He seemed startled by this, and I felt bad for bringing up his dead parents. To my relief, he changed the subject.
“It doesn’t matter what they call me, I suppose. What matters is, I’m not afraid of these dead people. When I find somewhere to keep them, I’ll make sure they’re alright. When I am better, I’ll go looking for more before the police take them away and punish them again. Tell everyone. Bring me your dead, and I’ll care for them,” the guru said to me. From the fervent darting of his eyes, I couldn’t tell if he was a charlatan, if he was just looking for fame or up to something more sinister. I didn’t shake his hand, but I did smile at him, maybe in encouragement. I wondered about the rest of those dead people he had left behind at Babu Ghat, later taken away in those vans. It wasn’t the guru’s fault; how many dead could he walk around with?
Before leaving, I asked if I could use what he’d told me to write a story or an article. He gave me his blessing. I left to let his next visitor, whether journalist or would-be follower, see him. I managed to wait till I was out on the streets before vomiting, just a little, into a gutter. I’m not sure anyone in the crowd gathered around the temple even noticed.
I wrote in the midst of a global paradigm shift. I wanted to try and understand one man at that moment, as opposed to the impossibility of an entire world made new. Like anyone and everyone who would fixate on him in the days to come.
It was only afterwards that I thought to look for the identity of that poor dead woman by his side.
3. Notes on Maturation
The second time I saw Guru Yama, it was to identify his wife and return her to her mother.
I met the widowed mother, who requested I not include her name, at the Barista on Lansdowne. I bought her a plain coffee. As I handed her the cup, I marvelled at the fact that we can still enjoy the privilege of overpriced lattes and mochas while black government vans roam the state for the risen dead. Every time I saw those vans, some shining with the words West Bengal Undead Quarantine fresh-painted on them, I stopped to wonder whether I was remembering something from a movie or actually looking at something real. The cafe was relatively quiet—just a few afternoon customers chatting amid the burbling of espresso machines. But elsewhere in the city, people were striking and rioting to throw stones and claim their own religions and ideologies as responsible or not responsible for this cosmic prank. That very day, there had been a march on Prince Anwar Shah Road, by South City Mall, with fundamentalists of one or many stripes demanding that movies filled with immoral violence and sexuality be removed from the mall’s multiplex immediately in order to end God’s wrathful plague of the waking dead. The puritanical thrive in apocalypses.
The mother is a Hindi teacher at a small school. She took one sip of her coffee out of politeness. I had to ask her, after apologizing for doing so, “Did you recognize your daughter on TV that day?” She looked like she was out of breath or keeping down vomit. After a moment, she nodded. She did recognize her daughter. Of course she did.

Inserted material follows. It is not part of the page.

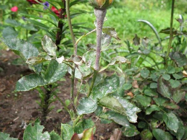 Det anbefales å bruke kolloidalt svovel i begynnelsen av sykdommen, når løvverket til rosen akkurat begynner å bli hvitt. Kontakt soppdrepende middel oppløses (30 g) i 10 liter vann. Hvis lufttemperaturen ikke har steget over 18 grader, anbefales det å øke konsentrasjonsnivået til løsningen.

I could understand the rest without her saying anything more. Who would want to acknowledge to themselves that their missing daughter was on TV, on the news, in real life, a walking corpse? That was too many impossibilities to deal with. I couldn’t bear to think what this woman, with her greying hair in a dishevelled bun, wearing an innocuous blue salwar kameez that made her look like any one of my high school teachers, was going through. I felt sick with her, the coffee acrid in my chest. Having had an abortion during college—one of the wisest decisions I’ve ever made—I wanted to say I knew how she felt. But remembering the brutal, almost physical depression of that distant time only furthered my remove from this woman, who had seen her adult daughter walking across the mud of the Hooghly naked as she had been in the first moments of her life, but dead.

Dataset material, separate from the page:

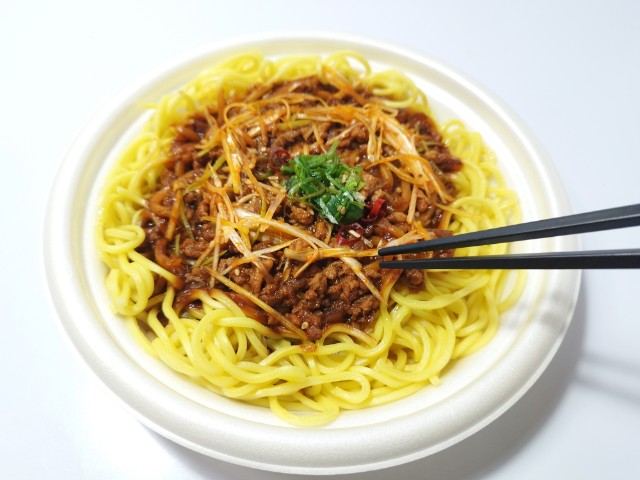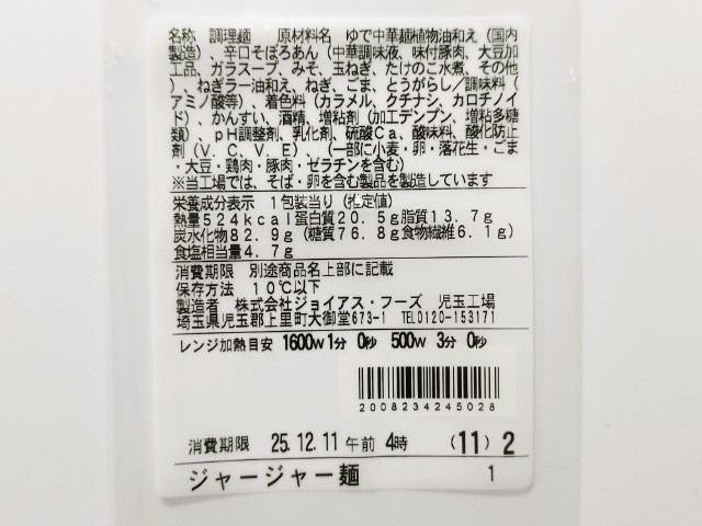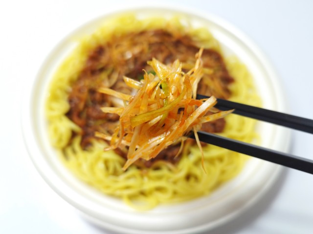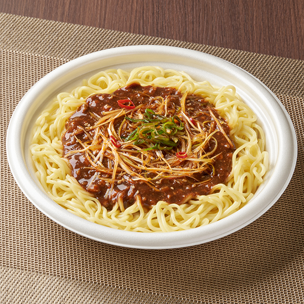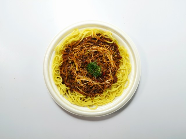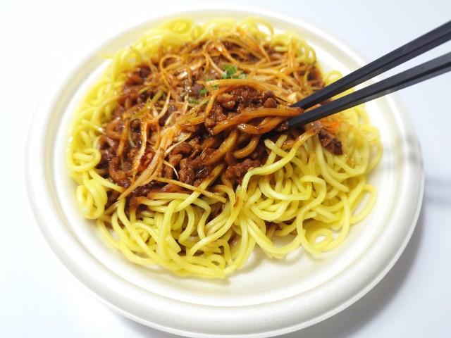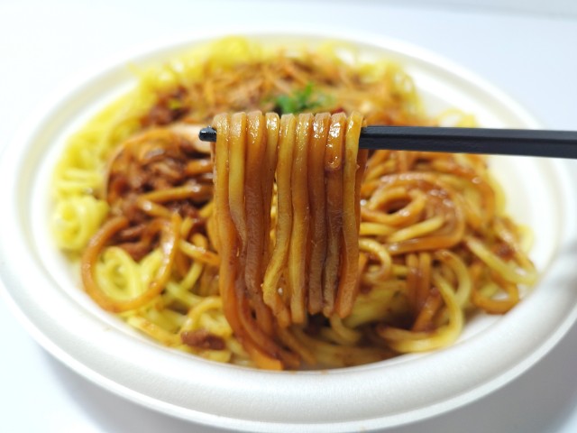 中華麺とジャージャーあんを混ぜて食べるジャージャー麺です。以前の購入が2025年8月26日発売だったので、約4ヶ月近く経っていますが、価格は変わっていません。そんなジャージャー麺ですが、ジャージャーあんは甜麺醤の味わいとピリッとした辛味、たけのこの食感があって、クセになる美味しさです。中華麺はツルツルとした食感と小麦の風味で、ジャージャーあんとの相性抜群です。トッピングには白髪ねぎラー油和えや青ねぎ、輪切り唐辛子などが使われていて、それぞれの味や食感を楽しめます。内容量は1食分にちょうどよく、お腹も満たされます。ぜひジャージャー麺を食べてみて下さい。

I touched the mother’s hand, and she gasped as if terrified. We left the cafe in silence, her cup still full, cold on the table. My heart was racing just from being in the presence of such horror. Outside, the late winter sunlight did nothing to calm it. Thankfully, there were no marchers or black vans on Lansdowne. If we could forget for a moment, it might have felt like any other day in Kolkata, in that bygone world where the dead stayed dead.
I drove the mother to Kalighat in my old Maruti, and she slept through the ride. I got the impression sleeping was the easiest way for her to escape human interaction.
The stinking alleyways outside the temple were lined with the guru’s growing mass of followers. Many pressed their palms to the mother as we passed, and some tried to touch her feet. They knew who she was. She walked through them as if in a dream, not responding at all.
I had come prepared this time. We both wore surgical masks, and we’d both rubbed VapoRub under our noses. The hawkers still tried to sell us both.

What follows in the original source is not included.